У обоих были прекрасные псы — следовики, свирепые в атаке и умелые в работе. Страшно даже представить подобные наросты в их жарких овчарочьих пастях.
Найде привязали на шею кусок рельсы и бросили в помойную яму.
Какая сила скрыта в маленьком тельце на пороге смерти?!
Дворняжка удержалась на поверхности вонючей жижи, подплыла к краю, где внезапно оказалось мелко, старалась выползти.
Ее толкали черенком лопаты, метлой, а она все не тонула и скулила отрывисто. Из ямы тянуло миазмами. Быстрое убийство заразного животного превратилось в пытку. Люди мучались и злились за свое переживание на жертву.
Схватили лом, попытались пробить череп, оглушить. Голова от ударов, как поплавок, ныряла в помои, удара не получалось.
Натка вскрикивала с тоской, у молодых парней — кинологов тряслись руки, их тошнило.
Потом все кончилось. Всплыло два пузыря и стало тихо, только дождь моросил, мелкий, сопливый, нудный.
Как хочется написать, что парни вынули багром тело собаки и, прикасаясь к нему без брезгливости, похоронили в могиле. Но этого не было.
Много лет спустя я в случайном разговоре с опытным ветврачом узнал, что это была совершенно незаразная, доброкачественная паталогия, легко, кстати, излечимая.

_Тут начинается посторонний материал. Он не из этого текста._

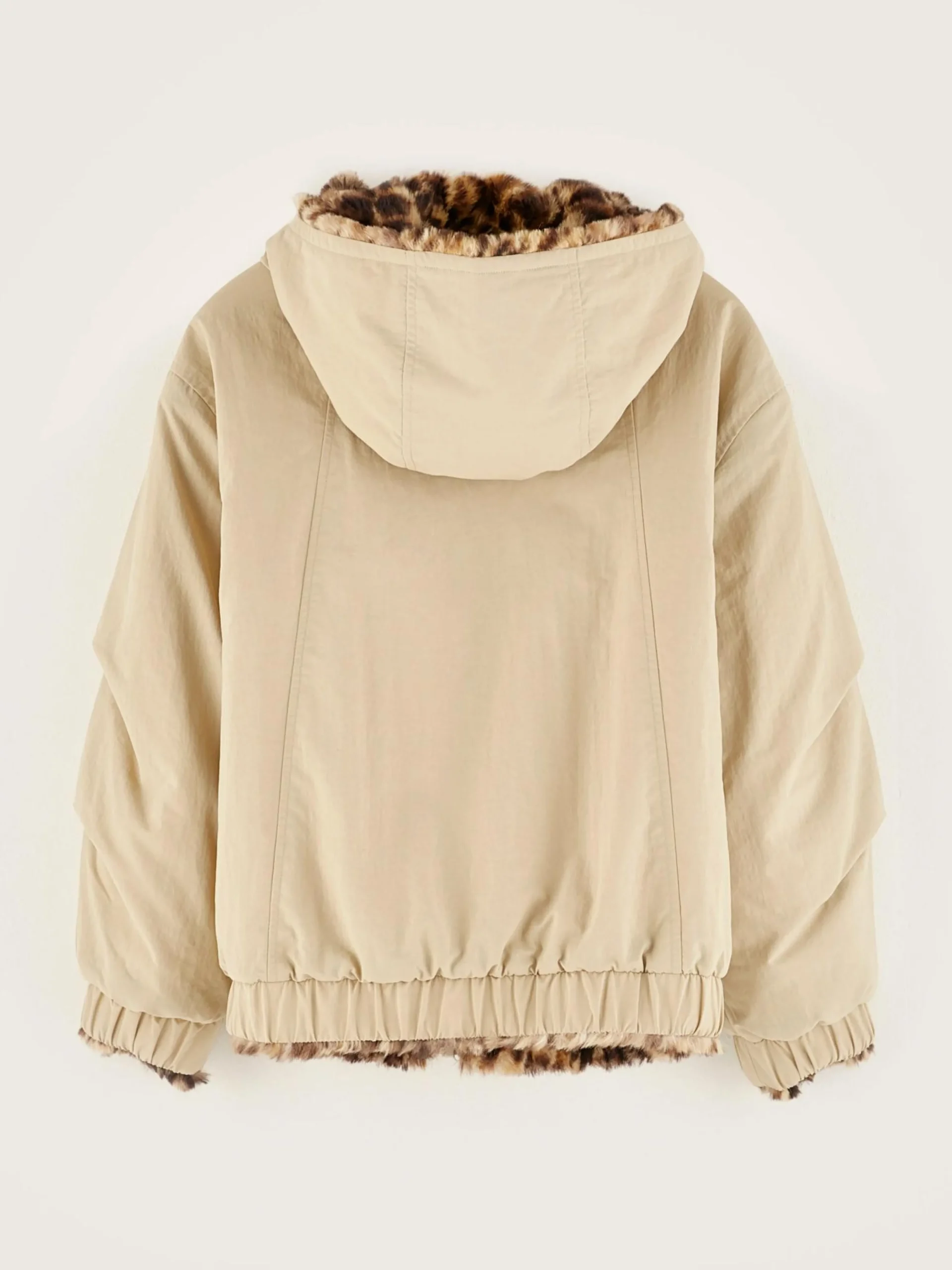 Omkeerbaar bomberjack in ecru met voering van imitatiebont.

Завершить эту главу мне хочется аллегорическим рассказом «Волк». В свое время он завоевал ряд почетных призов в Москве и Ленинграде.
Волк
«Мне на плечи кидается век–волкодав».
Волк подошел к шелестящим на морозном ветру флажкам, понюхал. Флажки пахли обыкновенно — человек почти не чувствовался. Волк вжался в снег и прополз под ограждение. Флажок жестко погладил его по заиндевевшей спине, волк передернулся брезгливо. Встал и пошел в лес, в бесконечно знакомое ему пространство, не отряхиваясь и не оглядываясь.
Лес глухо жужжал, встряхивая с елей лежалые нашлепки снега. Где–то под мостом журчала вода. Волк сел, задрав сивую морду, завыл було, сразу прервав вой. Некого было звать в этом, застывшем на зиму лесу, он был один. Может быть, последний волк на Земле. И он знал это. И жил подчас по инерции, а подчас потому, что он последний.
Флажков, прочих человеческих хитростей он не боялся. Он давно изучил их. А красный свет ничего не говорил старому самцу — в глазах давно убитой подруги в минуты нежности светился зеленовато–янтарный огонек.